▸ ABOUT THIS TASK:
Please give the lines below again exactly as they stand, from the one that contains "Elegante arreglo de" up to and including the one that contains "리그앙 2월 27일 23:00 앙제 SCO : RC 랑스", leaving all pictures out.

▸ DATA SHOWN:
........
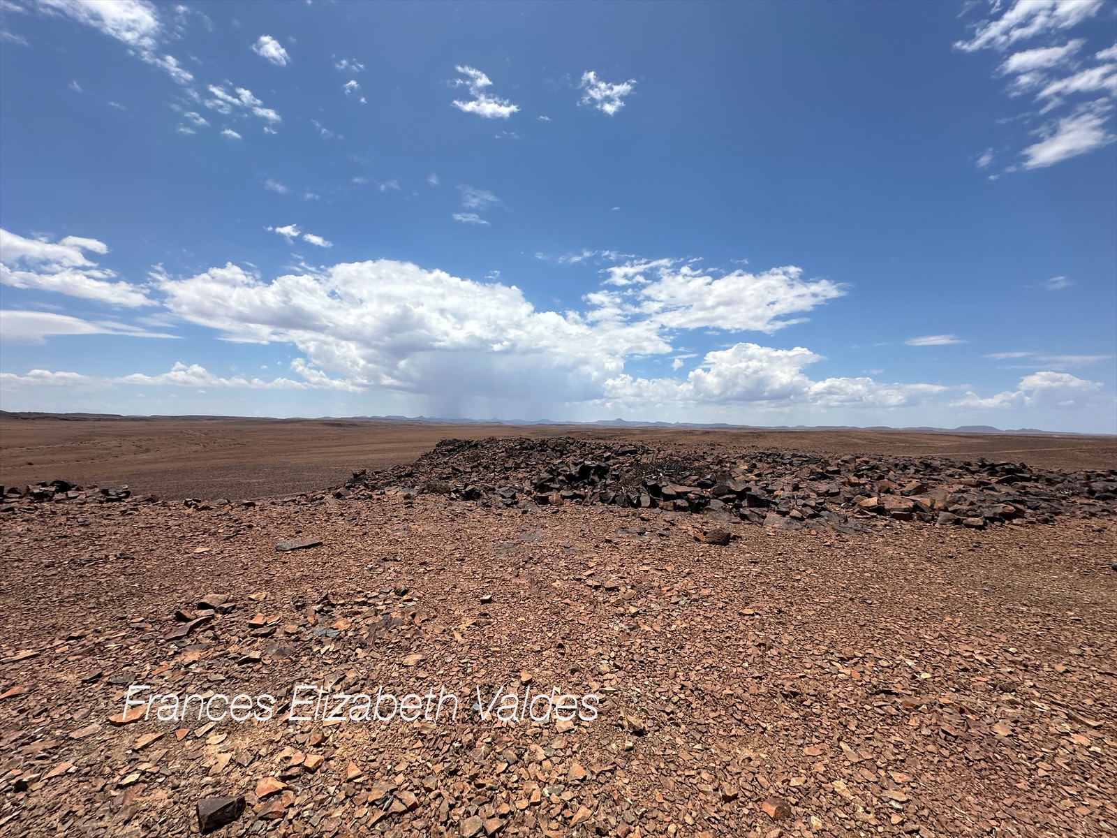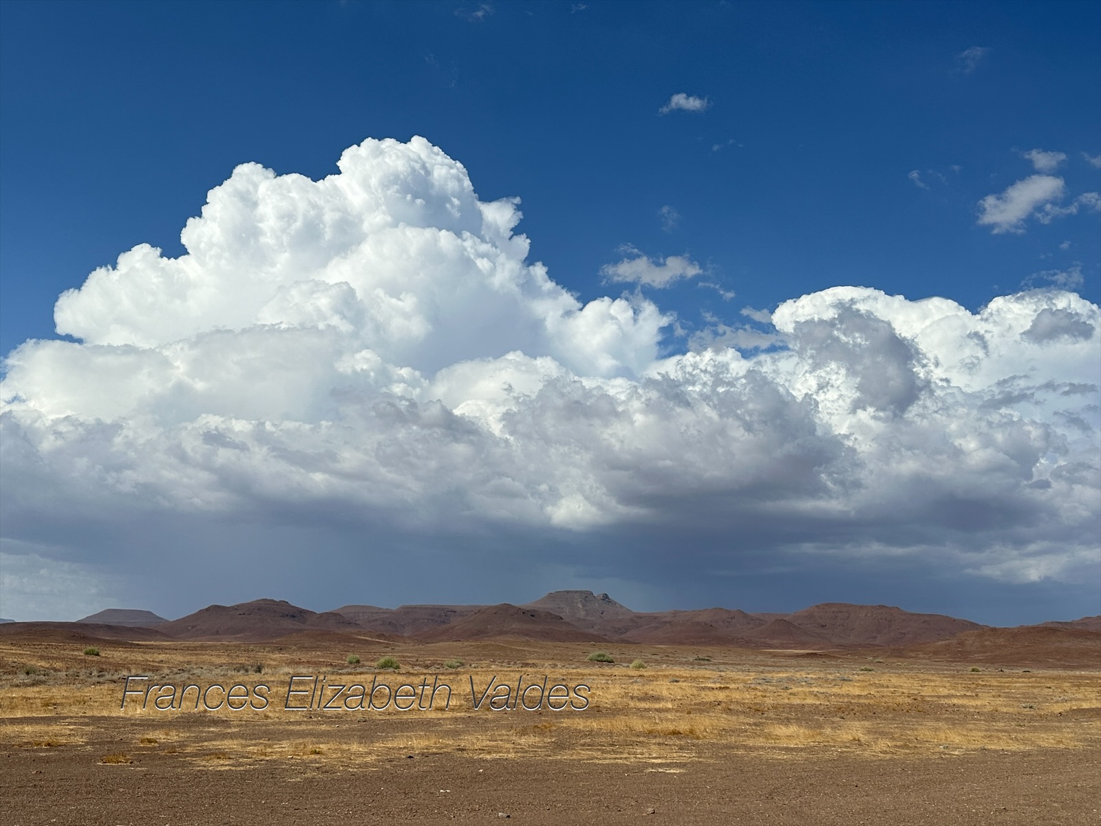 Crowthers camp was on a hill like Black Ridge. The view was amazing, possibly better than Black Ridge. We could see right over to the Etendeka mountain, I think – scale is impossible. It was very hot. Over the distant mountains large cumulus clouds were developing. Perhaps they would get needed rain, but it was a long way way from where we were – or so we thought!
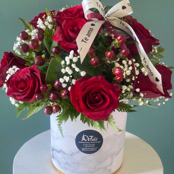 Elegante arreglo de rosas rojas seleccionadas, acompañadas de Fillers y follajes presentadas en caja de diseño. Un detalle perfecto para decir “Te amo” con belleza, emoción y elegancia.
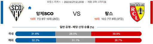 리그앙 2월 27일 23:00 앙제 SCO : RC 랑스
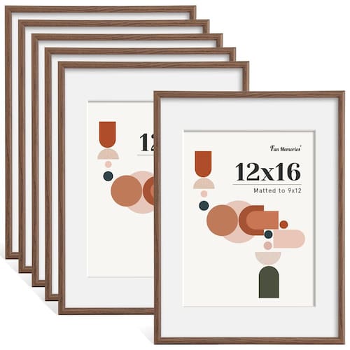 Fun Memories Conjunto de 6 porta-retratos de 30 x 40,6 cm, tela 23,5 x 30,5 cm com tapete ou sem tapete, acrílico HD, tela de parede ou mesa, gancho de parede incluído, nogueira - Design clássico: molduras Fun Memories com seu design curvo elegante e discreto e clássico, você poderá aprimorar suas fotos facilmente e transformá-las em verdadeiras obras de arte. Essas molduras fazem com que qualquer moldura seja profissional sem frear um banco para uma moldura personalizada - Enquadramento fácil: os tapetes removíveis sem ácido Fun Memories tornam essas molduras ainda mais adaptáveis: esta moldura é fosca para caber em uma imagem de 21 x 30 cm e mede 30 x 40 cm com a placa de tapete removida. Além disso, esta moldura de 30 x 40 oferece um design versátil que pode ser exibido tanto na horizontal quanto na vertical. Dê à sua arte um toque profissional - Extremamente segura e durável: a moldura Fun Memories com tapete é feita de plástico superior com frente de plexiglass, leve, mas firme. A placa de montagem é de madeira MDF durável. Resistente, durável e antiqueda, pode proteger sua foto contra poeira, umidade ou danos por insetos, mantendo-a nova por anos - FÁCIL DE PENDURAR: cabides dente de serra na parte de trás da moldura e gancho de parede fornecidos permitem montagem rápida e fácil em exibição retrato ou paisagem. A moldura vem com abas giratórias na parte de trás para facilitar a adição e remoção de fotos. Refrescar suas memórias é uma brisa — apenas um toque e um clique, e seu espaço é revitalizado - Presente perfeito: as molduras Fun Memories bem embaladas e de alta qualidade são a melhor escolha de presente para qualquer ocasião, especialmente durante épocas festivas como Natal, aniversário, formatura, casamento, chá de bebê, inauguração de casa. Se você tiver alguma dúvida, e forneceremos o melhor serviço para atender às suas necessidades
........
▸ OUTPUT FOR THIS TASK:
 Elegante arreglo de rosas rojas seleccionadas, acompañadas de Fillers y follajes presentadas en caja de diseño. Un detalle perfecto para decir “Te amo” con belleza, emoción y elegancia.
 리그앙 2월 27일 23:00 앙제 SCO : RC 랑스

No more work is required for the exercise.